→ Data shown:
━━━━

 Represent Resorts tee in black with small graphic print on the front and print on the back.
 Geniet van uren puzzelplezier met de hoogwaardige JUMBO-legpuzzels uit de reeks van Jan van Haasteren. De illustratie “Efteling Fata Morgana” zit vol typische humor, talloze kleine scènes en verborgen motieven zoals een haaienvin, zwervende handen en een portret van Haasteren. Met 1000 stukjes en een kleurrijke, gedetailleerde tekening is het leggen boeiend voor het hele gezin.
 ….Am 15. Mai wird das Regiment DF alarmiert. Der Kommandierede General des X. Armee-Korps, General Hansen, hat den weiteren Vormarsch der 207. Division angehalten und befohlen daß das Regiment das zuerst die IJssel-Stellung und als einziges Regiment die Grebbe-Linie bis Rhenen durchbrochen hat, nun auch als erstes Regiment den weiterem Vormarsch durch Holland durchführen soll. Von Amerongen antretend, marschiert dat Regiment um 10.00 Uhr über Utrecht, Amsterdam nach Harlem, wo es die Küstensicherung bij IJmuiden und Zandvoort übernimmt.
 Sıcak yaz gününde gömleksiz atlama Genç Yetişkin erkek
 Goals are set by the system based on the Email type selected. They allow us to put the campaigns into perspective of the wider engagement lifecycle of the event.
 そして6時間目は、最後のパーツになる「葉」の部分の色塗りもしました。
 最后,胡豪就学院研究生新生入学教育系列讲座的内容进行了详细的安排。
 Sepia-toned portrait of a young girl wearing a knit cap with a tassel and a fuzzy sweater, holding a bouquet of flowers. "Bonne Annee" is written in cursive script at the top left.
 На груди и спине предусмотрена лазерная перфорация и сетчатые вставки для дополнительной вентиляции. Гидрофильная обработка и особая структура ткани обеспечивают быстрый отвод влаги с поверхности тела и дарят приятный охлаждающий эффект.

━━━━

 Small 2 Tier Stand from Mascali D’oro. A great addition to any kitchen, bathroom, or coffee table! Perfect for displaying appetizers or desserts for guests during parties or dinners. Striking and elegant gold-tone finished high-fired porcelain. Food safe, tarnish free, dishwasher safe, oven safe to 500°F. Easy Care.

━━━━

→ Problem details:
Where does the string "with" occur in the listing above? Return every line that contains it.

→ Reply:
 Represent Resorts tee in black with small graphic print on the front and print on the back.
 Sepia-toned portrait of a young girl wearing a knit cap with a tassel and a fuzzy sweater, holding a bouquet of flowers. "Bonne Annee" is written in cursive script at the top left.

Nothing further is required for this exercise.